Education has been a vital component of the SSP’s conservation programs on Aruba. Media campaigns geared toward adults and educational programs for children have focused on Aruba’s unique ecosystems emphasizing the role of the rattlesnake. Radio and television interviews, magazine and newspaper articles, teacher workshops, and Environmental Education workshops have all served to increase awareness of the snake and to create a better public image among local people.
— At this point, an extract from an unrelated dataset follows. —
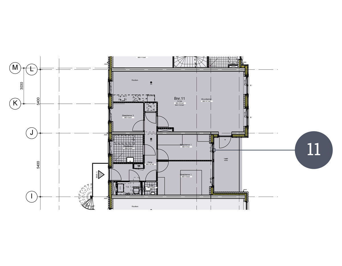 Ook vindt u hier de drie riante slaapkamers, de badkamer, een separaat tweede toilet en de technische ruimte waar u o.a. de wasmachine kwijt kunt. De loggia aan de oostkant kunt u via de woonkamer bereiken om daar in de avondzon ontspannen uw dag met elkaar door te spreken.

Currently there are ~150 snakes managed under the AZA’s SSP (Species Survival Plan). The Aruba Island government presented the SSP program with a gift of ten wild-caught snakes for the breeding program. One area of concern is Paramyxovirus, which has killed several captive snakes. A vaccine for the virus has been tested on several animals surplus to the breeding program. Additional vaccine trials are planned for the future. Other areas of research are artificial insemination in these snakes, determining whether female snakes can retain sperm from one season to the next (which could confuse parentage and thus studbook records), and determining whether “soft releases” of captive or nuisance snakes prior to release onto Aruba increases survivorship.